TASK GOAL - Omit every picture while you reproduce the entries that follow word for word.

(Saved data entries)

● ● ● ● ●

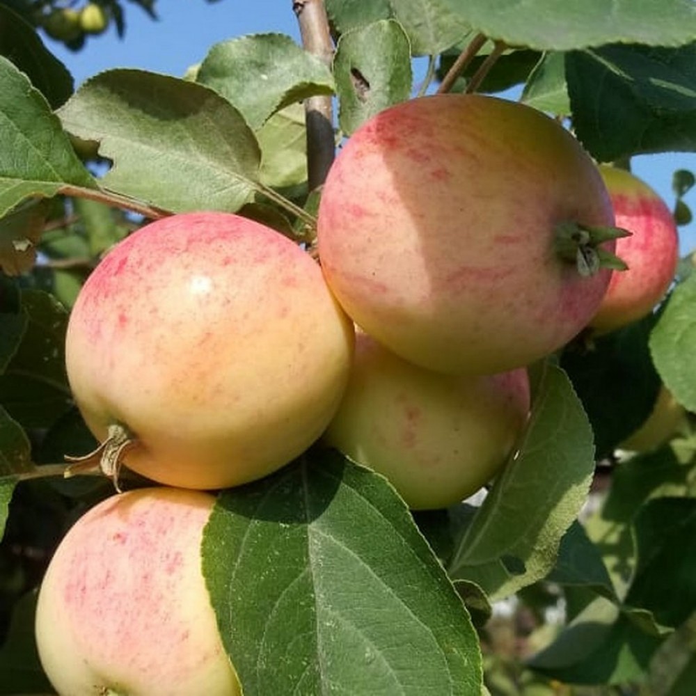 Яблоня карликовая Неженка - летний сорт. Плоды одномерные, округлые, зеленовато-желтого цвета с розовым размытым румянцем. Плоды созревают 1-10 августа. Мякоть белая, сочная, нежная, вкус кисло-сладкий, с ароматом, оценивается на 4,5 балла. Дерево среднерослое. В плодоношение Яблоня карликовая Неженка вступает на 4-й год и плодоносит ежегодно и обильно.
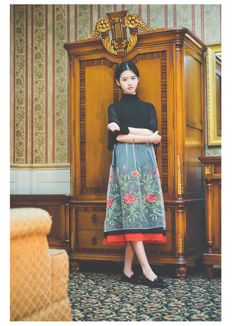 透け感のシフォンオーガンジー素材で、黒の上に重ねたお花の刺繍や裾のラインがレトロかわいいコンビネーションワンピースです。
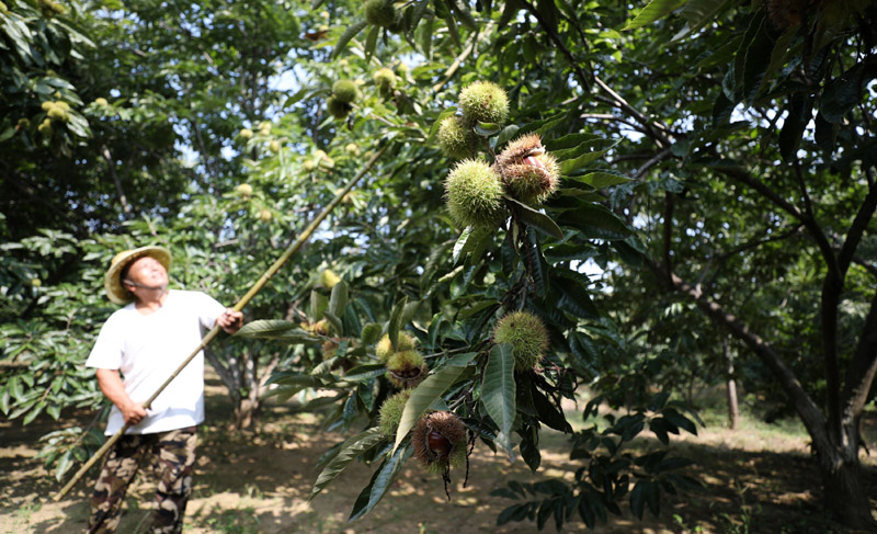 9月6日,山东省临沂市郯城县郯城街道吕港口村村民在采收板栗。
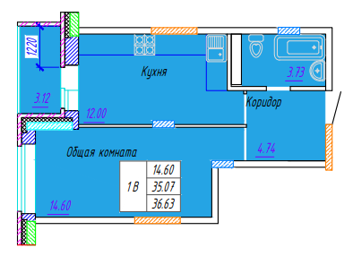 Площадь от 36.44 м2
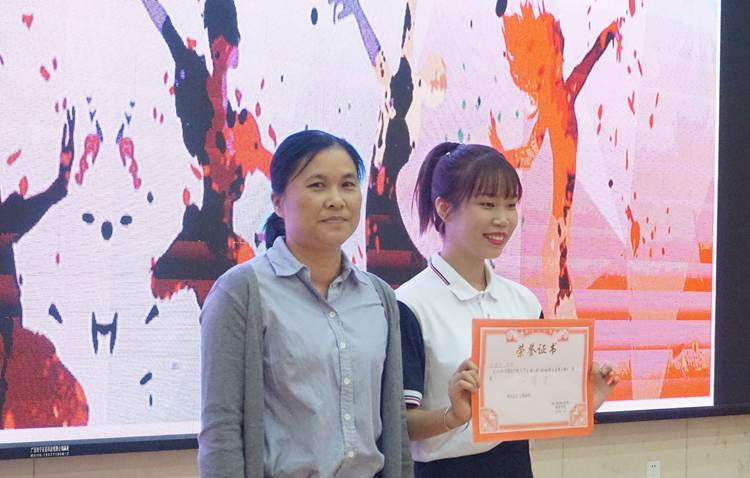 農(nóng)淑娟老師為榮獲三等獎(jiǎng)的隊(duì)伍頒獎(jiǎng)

● ● ● ● ●

SOLVED PROBLEM -
 Яблоня карликовая Неженка - летний сорт. Плоды одномерные, округлые, зеленовато-желтого цвета с розовым размытым румянцем. Плоды созревают 1-10 августа. Мякоть белая, сочная, нежная, вкус кисло-сладкий, с ароматом, оценивается на 4,5 балла. Дерево среднерослое. В плодоношение Яблоня карликовая Неженка вступает на 4-й год и плодоносит ежегодно и обильно.
 透け感のシフォンオーガンジー素材で、黒の上に重ねたお花の刺繍や裾のラインがレトロかわいいコンビネーションワンピースです。
 9月6日,山东省临沂市郯城县郯城街道吕港口村村民在采收板栗。
 Площадь от 36.44 м2
 農(nóng)淑娟老師為榮獲三等獎(jiǎng)的隊(duì)伍頒獎(jiǎng)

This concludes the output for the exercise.